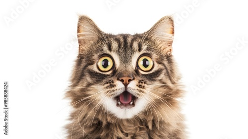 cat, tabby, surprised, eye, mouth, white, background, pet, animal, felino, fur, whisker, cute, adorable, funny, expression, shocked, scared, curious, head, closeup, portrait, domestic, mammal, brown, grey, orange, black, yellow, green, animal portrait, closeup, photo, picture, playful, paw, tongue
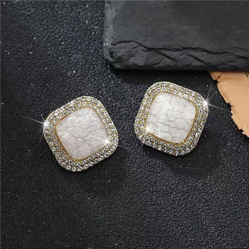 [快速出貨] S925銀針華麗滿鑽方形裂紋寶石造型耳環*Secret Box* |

...

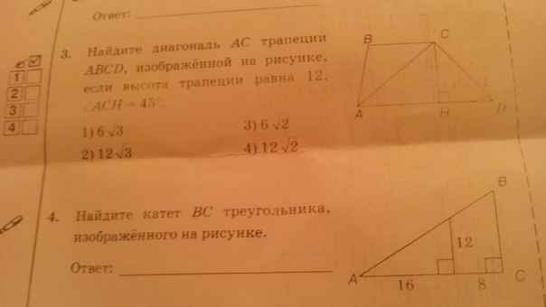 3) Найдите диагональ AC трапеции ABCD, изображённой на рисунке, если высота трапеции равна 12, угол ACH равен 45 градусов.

---

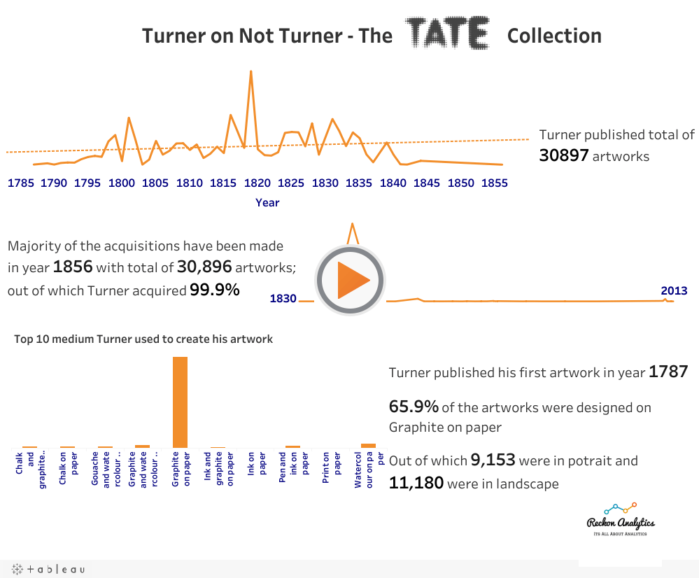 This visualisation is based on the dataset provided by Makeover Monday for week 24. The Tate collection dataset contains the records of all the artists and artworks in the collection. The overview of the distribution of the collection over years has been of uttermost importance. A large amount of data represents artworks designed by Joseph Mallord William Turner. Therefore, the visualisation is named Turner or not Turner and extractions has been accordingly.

# Problem to work on:
Reproduce the lines above beginning at the line that contains "playful, paw, tongue" and ending at the line that contains "[快速出貨] S925銀針華麗滿鑽方形裂紋寶石造型耳環*Secret Box* |". No pictures.

# Written solution:
 cat, tabby, surprised, eye, mouth, white, background, pet, animal, felino, fur, whisker, cute, adorable, funny, expression, shocked, scared, curious, head, closeup, portrait, domestic, mammal, brown, grey, orange, black, yellow, green, animal portrait, closeup, photo, picture, playful, paw, tongue
 [快速出貨] S925銀針華麗滿鑽方形裂紋寶石造型耳環*Secret Box* |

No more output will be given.